**THE DATA**

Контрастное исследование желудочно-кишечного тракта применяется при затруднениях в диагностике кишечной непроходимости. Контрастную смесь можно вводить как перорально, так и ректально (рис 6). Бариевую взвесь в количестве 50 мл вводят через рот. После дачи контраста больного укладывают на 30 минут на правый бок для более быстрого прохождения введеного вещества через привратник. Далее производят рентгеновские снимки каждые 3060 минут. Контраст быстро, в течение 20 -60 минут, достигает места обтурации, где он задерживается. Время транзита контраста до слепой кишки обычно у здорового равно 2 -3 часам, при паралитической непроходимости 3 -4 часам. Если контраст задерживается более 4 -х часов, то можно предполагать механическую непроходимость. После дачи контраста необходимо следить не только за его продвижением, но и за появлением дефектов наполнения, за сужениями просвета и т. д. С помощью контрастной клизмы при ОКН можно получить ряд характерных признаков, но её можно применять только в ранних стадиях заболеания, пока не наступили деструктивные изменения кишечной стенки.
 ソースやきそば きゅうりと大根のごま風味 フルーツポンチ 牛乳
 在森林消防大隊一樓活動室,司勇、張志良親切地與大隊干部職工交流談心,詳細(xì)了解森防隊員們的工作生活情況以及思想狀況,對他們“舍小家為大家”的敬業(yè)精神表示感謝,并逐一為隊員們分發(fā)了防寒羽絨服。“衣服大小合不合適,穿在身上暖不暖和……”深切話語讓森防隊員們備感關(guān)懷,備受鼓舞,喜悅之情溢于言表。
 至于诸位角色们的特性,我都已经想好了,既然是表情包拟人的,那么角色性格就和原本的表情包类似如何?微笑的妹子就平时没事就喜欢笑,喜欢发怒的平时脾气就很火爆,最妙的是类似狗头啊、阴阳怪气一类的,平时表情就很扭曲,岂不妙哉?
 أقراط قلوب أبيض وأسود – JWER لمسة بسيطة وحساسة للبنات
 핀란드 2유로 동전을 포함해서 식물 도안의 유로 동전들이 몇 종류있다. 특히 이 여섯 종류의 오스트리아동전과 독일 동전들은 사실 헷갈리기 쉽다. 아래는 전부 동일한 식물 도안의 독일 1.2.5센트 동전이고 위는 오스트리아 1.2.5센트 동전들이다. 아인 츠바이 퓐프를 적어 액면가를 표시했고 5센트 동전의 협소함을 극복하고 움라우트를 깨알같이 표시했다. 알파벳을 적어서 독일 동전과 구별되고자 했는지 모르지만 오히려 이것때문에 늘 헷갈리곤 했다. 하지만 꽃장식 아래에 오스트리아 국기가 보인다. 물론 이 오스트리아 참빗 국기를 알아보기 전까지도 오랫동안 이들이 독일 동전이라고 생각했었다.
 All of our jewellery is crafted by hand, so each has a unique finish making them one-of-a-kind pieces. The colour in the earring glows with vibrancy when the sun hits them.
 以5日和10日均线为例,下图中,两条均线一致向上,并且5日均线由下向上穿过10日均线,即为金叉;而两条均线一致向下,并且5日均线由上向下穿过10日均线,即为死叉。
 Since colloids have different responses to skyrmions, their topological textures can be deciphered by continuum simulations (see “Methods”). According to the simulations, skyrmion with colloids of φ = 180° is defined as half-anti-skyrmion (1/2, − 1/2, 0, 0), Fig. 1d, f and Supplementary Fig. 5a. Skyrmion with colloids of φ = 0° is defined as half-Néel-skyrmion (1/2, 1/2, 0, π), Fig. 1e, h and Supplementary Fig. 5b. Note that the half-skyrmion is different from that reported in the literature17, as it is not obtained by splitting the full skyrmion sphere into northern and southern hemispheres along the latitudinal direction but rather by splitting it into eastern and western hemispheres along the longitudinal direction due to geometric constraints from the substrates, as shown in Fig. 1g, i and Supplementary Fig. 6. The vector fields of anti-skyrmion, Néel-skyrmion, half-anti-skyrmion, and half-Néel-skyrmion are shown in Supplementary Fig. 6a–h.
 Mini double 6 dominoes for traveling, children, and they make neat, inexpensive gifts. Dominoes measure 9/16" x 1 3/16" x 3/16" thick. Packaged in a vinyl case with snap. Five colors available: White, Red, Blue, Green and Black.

**TASK**
Print, exactly and only, the lines running from the one with "핀란드 2유로 동전을" to the end of the data above.

**WRITTEN SOLUTION**
 핀란드 2유로 동전을 포함해서 식물 도안의 유로 동전들이 몇 종류있다. 특히 이 여섯 종류의 오스트리아동전과 독일 동전들은 사실 헷갈리기 쉽다. 아래는 전부 동일한 식물 도안의 독일 1.2.5센트 동전이고 위는 오스트리아 1.2.5센트 동전들이다. 아인 츠바이 퓐프를 적어 액면가를 표시했고 5센트 동전의 협소함을 극복하고 움라우트를 깨알같이 표시했다. 알파벳을 적어서 독일 동전과 구별되고자 했는지 모르지만 오히려 이것때문에 늘 헷갈리곤 했다. 하지만 꽃장식 아래에 오스트리아 국기가 보인다. 물론 이 오스트리아 참빗 국기를 알아보기 전까지도 오랫동안 이들이 독일 동전이라고 생각했었다.
 All of our jewellery is crafted by hand, so each has a unique finish making them one-of-a-kind pieces. The colour in the earring glows with vibrancy when the sun hits them.
 以5日和10日均线为例,下图中,两条均线一致向上,并且5日均线由下向上穿过10日均线,即为金叉;而两条均线一致向下,并且5日均线由上向下穿过10日均线,即为死叉。
 Since colloids have different responses to skyrmions, their topological textures can be deciphered by continuum simulations (see “Methods”). According to the simulations, skyrmion with colloids of φ = 180° is defined as half-anti-skyrmion (1/2, − 1/2, 0, 0), Fig. 1d, f and Supplementary Fig. 5a. Skyrmion with colloids of φ = 0° is defined as half-Néel-skyrmion (1/2, 1/2, 0, π), Fig. 1e, h and Supplementary Fig. 5b. Note that the half-skyrmion is different from that reported in the literature17, as it is not obtained by splitting the full skyrmion sphere into northern and southern hemispheres along the latitudinal direction but rather by splitting it into eastern and western hemispheres along the longitudinal direction due to geometric constraints from the substrates, as shown in Fig. 1g, i and Supplementary Fig. 6. The vector fields of anti-skyrmion, Néel-skyrmion, half-anti-skyrmion, and half-Néel-skyrmion are shown in Supplementary Fig. 6a–h.
 Mini double 6 dominoes for traveling, children, and they make neat, inexpensive gifts. Dominoes measure 9/16" x 1 3/16" x 3/16" thick. Packaged in a vinyl case with snap. Five colors available: White, Red, Blue, Green and Black.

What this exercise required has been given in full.